Data entries:

***

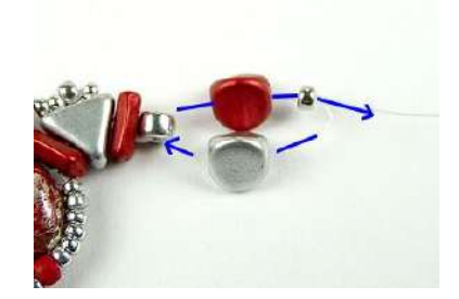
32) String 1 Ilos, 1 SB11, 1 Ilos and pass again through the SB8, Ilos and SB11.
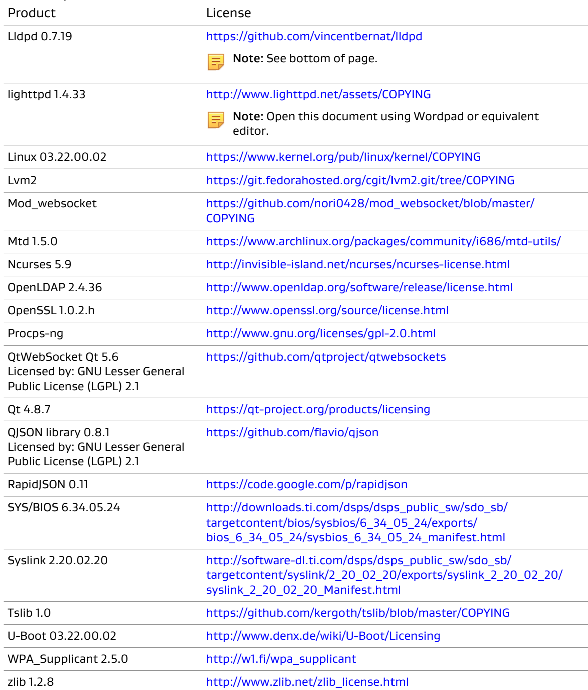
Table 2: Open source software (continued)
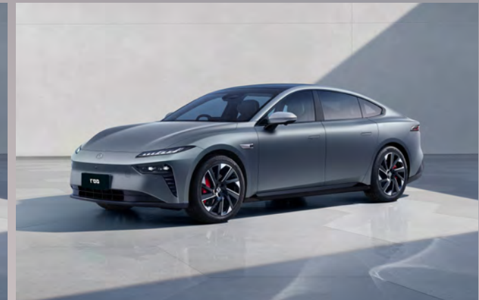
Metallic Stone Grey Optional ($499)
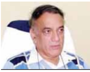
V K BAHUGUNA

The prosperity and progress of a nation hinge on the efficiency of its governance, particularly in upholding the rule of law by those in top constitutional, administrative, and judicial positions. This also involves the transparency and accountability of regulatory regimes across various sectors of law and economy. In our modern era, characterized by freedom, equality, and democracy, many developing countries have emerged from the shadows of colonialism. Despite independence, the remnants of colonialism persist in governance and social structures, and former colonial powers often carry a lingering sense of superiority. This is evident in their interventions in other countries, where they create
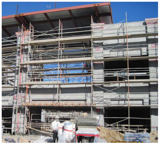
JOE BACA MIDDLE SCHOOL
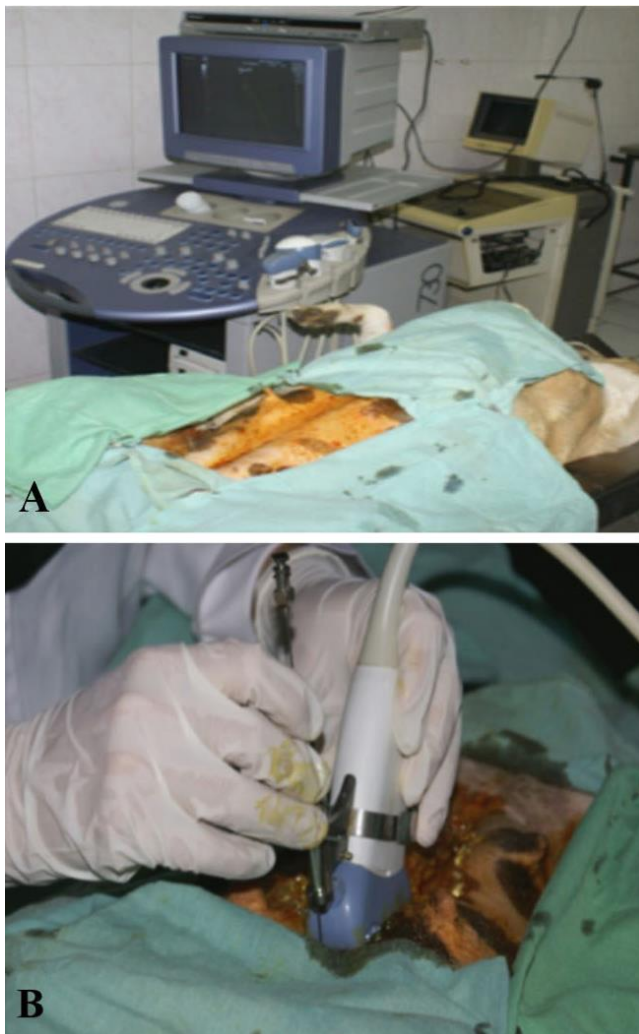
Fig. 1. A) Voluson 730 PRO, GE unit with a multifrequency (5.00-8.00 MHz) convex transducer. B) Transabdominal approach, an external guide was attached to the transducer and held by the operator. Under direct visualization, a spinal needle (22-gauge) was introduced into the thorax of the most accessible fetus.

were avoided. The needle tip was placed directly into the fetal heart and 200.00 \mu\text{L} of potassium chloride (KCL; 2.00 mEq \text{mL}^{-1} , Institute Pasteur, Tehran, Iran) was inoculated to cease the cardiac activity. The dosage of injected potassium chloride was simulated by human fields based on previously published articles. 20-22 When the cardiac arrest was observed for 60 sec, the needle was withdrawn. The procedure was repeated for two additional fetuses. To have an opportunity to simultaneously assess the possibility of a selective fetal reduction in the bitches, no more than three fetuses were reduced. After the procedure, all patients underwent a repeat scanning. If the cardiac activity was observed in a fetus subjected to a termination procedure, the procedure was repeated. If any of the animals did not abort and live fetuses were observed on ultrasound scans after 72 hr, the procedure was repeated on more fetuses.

***

Look above for the line with "V K BAHUGUNA" and the line with "Fig. 1. A) Voluson", then copy them and all lines in between exactly as written, and only those, without any pictures.

V K BAHUGUNA

The prosperity and progress of a nation hinge on the efficiency of its governance, particularly in upholding the rule of law by those in top constitutional, administrative, and judicial positions. This also involves the transparency and accountability of regulatory regimes across various sectors of law and economy. In our modern era, characterized by freedom, equality, and democracy, many developing countries have emerged from the shadows of colonialism. Despite independence, the remnants of colonialism persist in governance and social structures, and former colonial powers often carry a lingering sense of superiority. This is evident in their interventions in other countries, where they create
JOE BACA MIDDLE SCHOOL
Fig. 1. A) Voluson 730 PRO, GE unit with a multifrequency (5.00-8.00 MHz) convex transducer. B) Transabdominal approach, an external guide was attached to the transducer and held by the operator. Under direct visualization, a spinal needle (22-gauge) was introduced into the thorax of the most accessible fetus.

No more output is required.